Horizon Honors Elementary School has an enrollment of 728 students. The school principal is Laura Wanstreet. The school is ranked an “A” School by the Arizona Department of Education (2018), designated a “No Place for Hate” School by the Anti-Defamation League, and is designated a “Mix It Up” Model School by the Southern Poverty Law Center.

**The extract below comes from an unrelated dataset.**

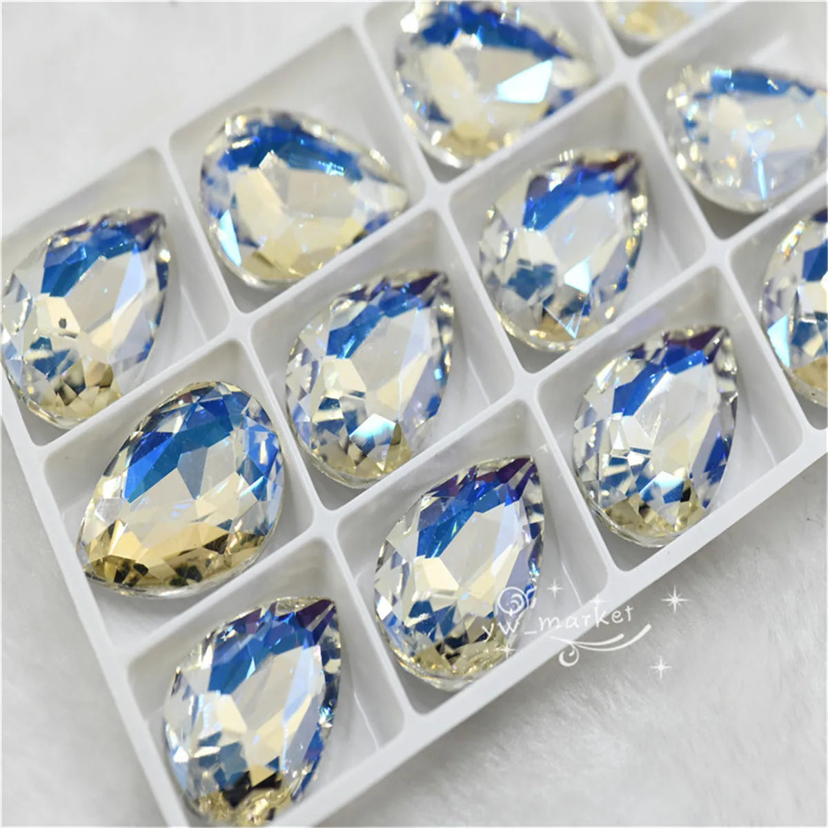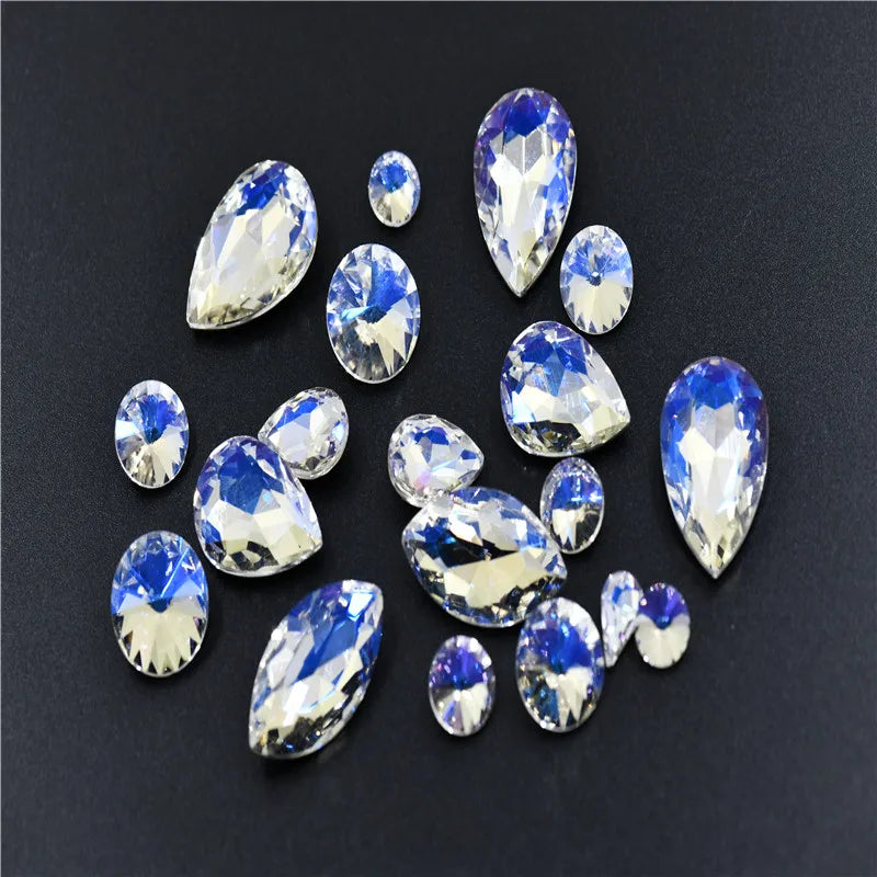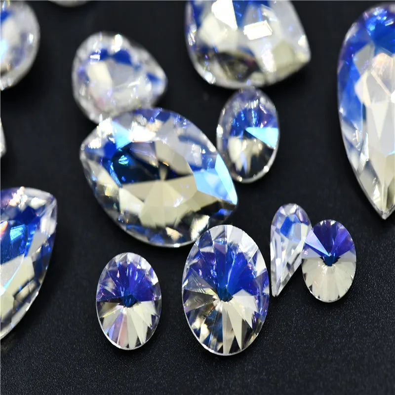 Moonlight color Droplet Home Decoration Rhinestones Glass Rivoli Navette Glue on jewels Crafts 20x30mm 17x32mm

Horizon Honors Secondary School has an enrollment of 280 students in Horizon Honors Middle School (grades 7–8) and 425 in Horizon Honors High School (grades 9–12). The school principal is Stacy Dietz. The school is ranked an “A” School by the Arizona Department of Education (2018,) has a 99% graduation rate, and 97% of graduates pursue college degrees. The school is ranked a "Best High School" by U.S. News & World Report, and accredited by the North Central Association AdvancEd.

==History==
It was originally known as Horizon Charter School when it opened in 1996. The current campus was dedicated in 1999; it was built in partnership with Spiral Enterprises, a firm owned by Reggie Fowler whose businesses included a franchise stake in Club Disney.